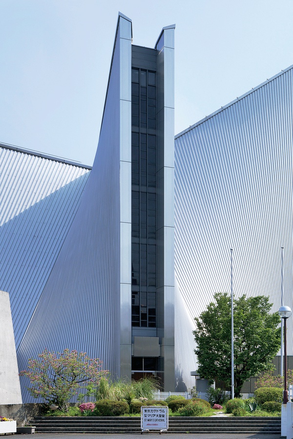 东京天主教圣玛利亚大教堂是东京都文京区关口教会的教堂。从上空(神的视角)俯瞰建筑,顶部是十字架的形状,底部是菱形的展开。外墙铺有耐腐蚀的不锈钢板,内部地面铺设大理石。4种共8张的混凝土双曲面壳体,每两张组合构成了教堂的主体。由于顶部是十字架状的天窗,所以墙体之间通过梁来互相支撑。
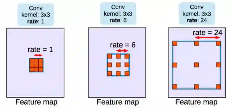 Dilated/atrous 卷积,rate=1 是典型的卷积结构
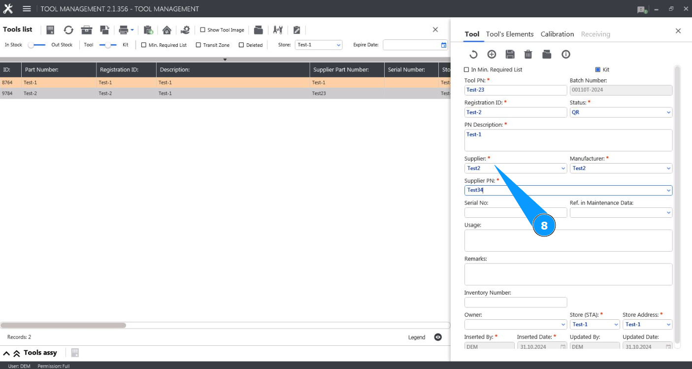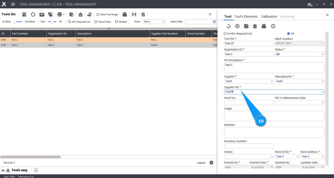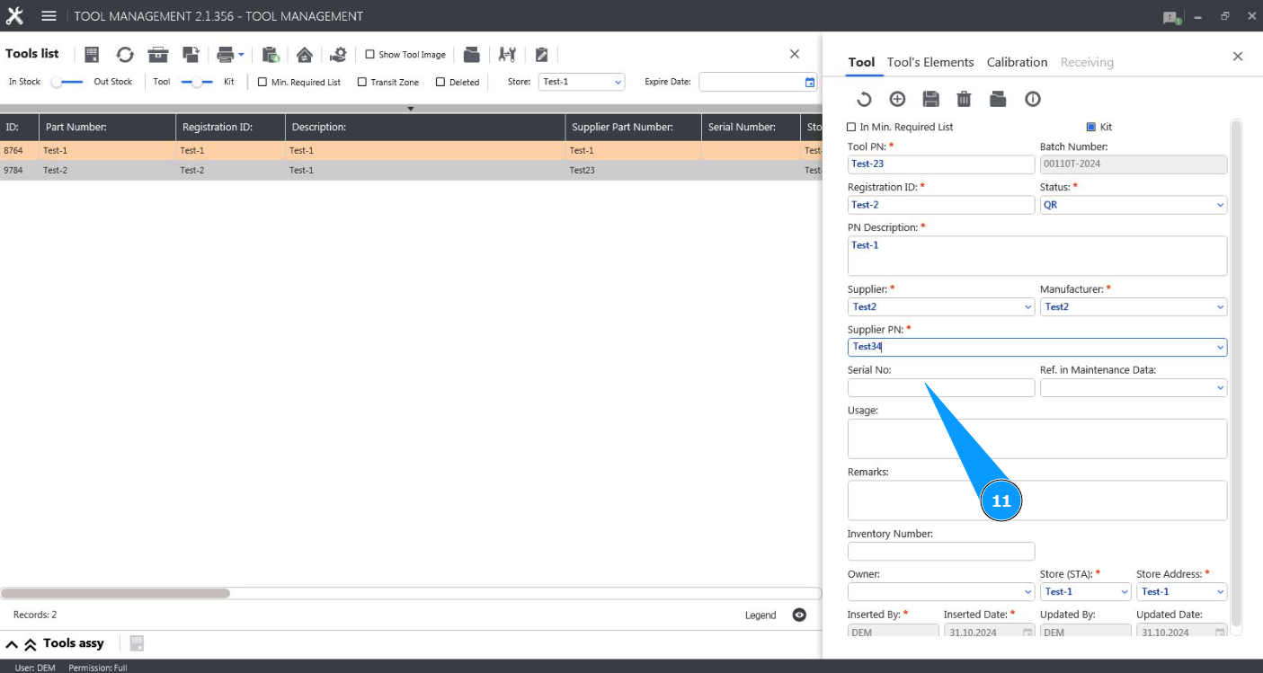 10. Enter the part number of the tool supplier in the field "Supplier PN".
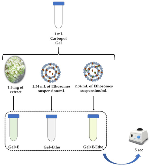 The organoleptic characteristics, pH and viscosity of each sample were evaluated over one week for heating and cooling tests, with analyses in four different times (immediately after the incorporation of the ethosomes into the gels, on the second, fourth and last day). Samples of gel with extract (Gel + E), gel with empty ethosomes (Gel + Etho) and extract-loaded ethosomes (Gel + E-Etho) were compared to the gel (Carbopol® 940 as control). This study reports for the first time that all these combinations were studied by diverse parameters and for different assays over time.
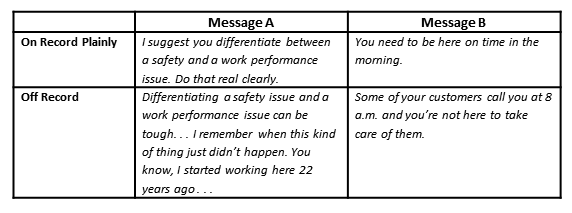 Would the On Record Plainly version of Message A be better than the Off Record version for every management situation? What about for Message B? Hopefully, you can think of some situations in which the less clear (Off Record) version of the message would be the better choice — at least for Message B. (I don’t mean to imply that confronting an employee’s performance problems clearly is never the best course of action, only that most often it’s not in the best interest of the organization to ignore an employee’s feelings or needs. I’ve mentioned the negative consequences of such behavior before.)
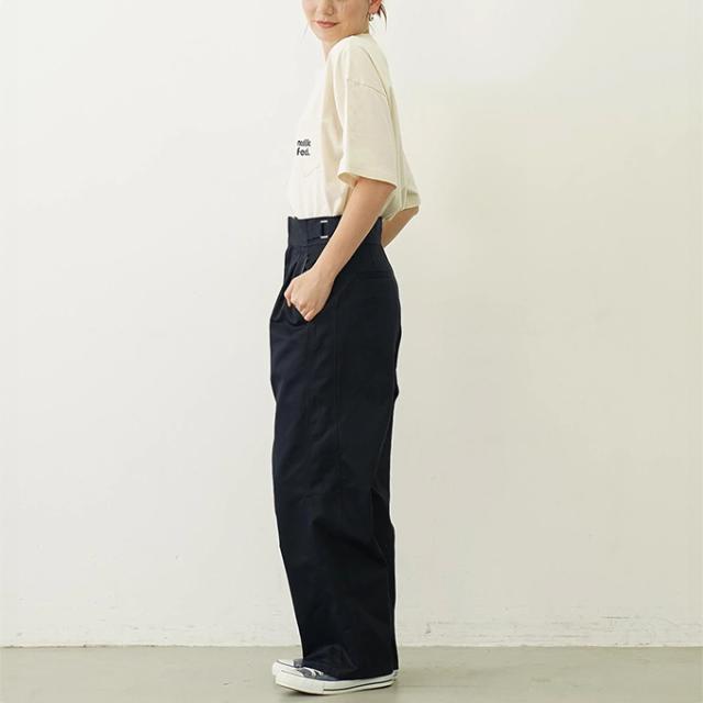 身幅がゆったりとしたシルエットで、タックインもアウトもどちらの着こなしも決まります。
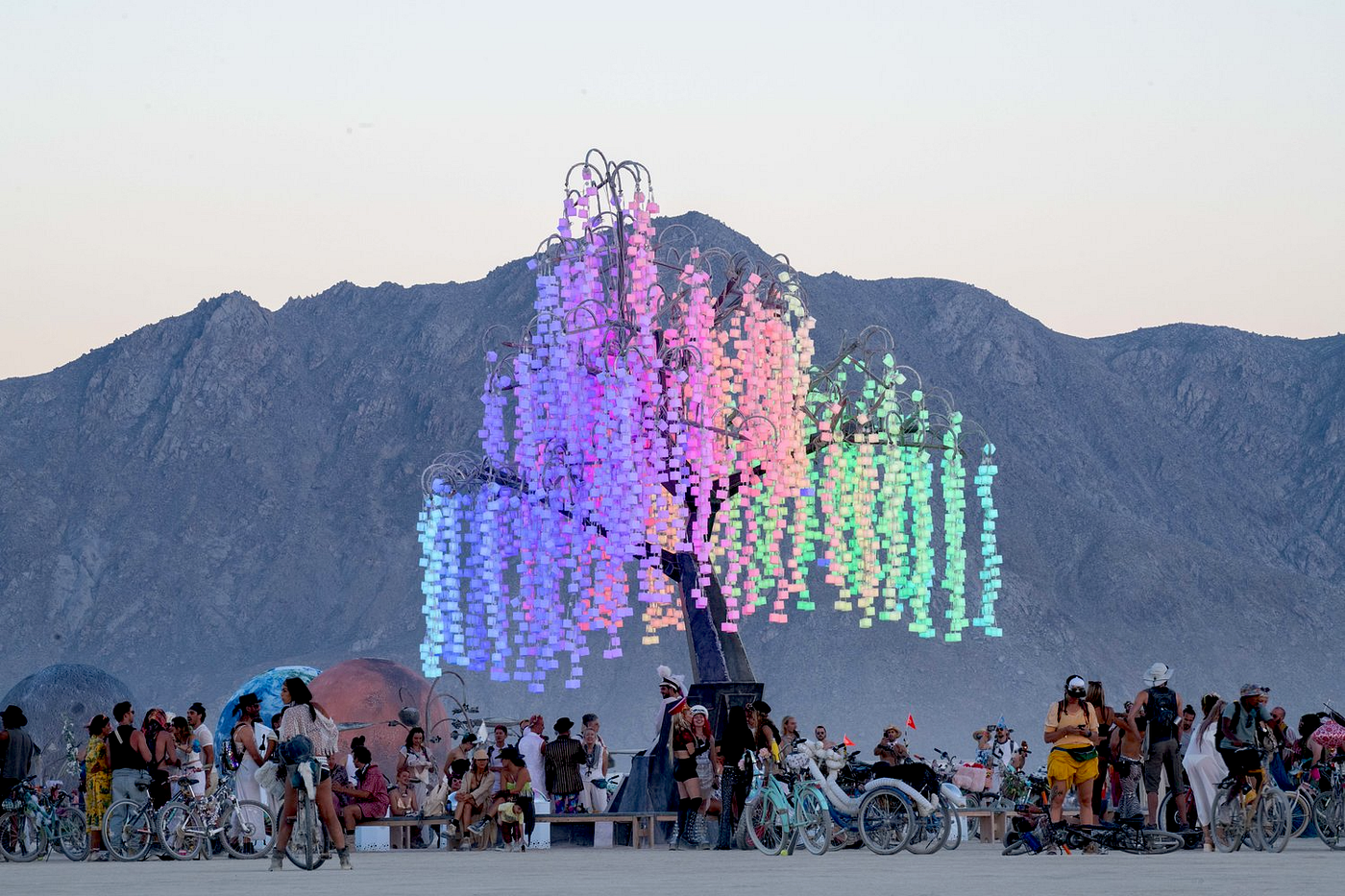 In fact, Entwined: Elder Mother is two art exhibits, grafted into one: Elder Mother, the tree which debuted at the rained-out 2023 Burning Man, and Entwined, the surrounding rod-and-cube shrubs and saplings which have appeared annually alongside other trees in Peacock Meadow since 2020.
===============
- **Instructions for the task**:
Could you reproduce exactly, and only, the lines from the start of the records through the line containing "The organoleptic characteristics, pH", leaving out the pictures?

- **Response to the exercise**:
 东京天主教圣玛利亚大教堂是东京都文京区关口教会的教堂。从上空(神的视角)俯瞰建筑,顶部是十字架的形状,底部是菱形的展开。外墙铺有耐腐蚀的不锈钢板,内部地面铺设大理石。4种共8张的混凝土双曲面壳体,每两张组合构成了教堂的主体。由于顶部是十字架状的天窗,所以墙体之间通过梁来互相支撑。
 Dilated/atrous 卷积,rate=1 是典型的卷积结构
 10. Enter the part number of the tool supplier in the field "Supplier PN".
 The organoleptic characteristics, pH and viscosity of each sample were evaluated over one week for heating and cooling tests, with analyses in four different times (immediately after the incorporation of the ethosomes into the gels, on the second, fourth and last day). Samples of gel with extract (Gel + E), gel with empty ethosomes (Gel + Etho) and extract-loaded ethosomes (Gel + E-Etho) were compared to the gel (Carbopol® 940 as control). This study reports for the first time that all these combinations were studied by diverse parameters and for different assays over time.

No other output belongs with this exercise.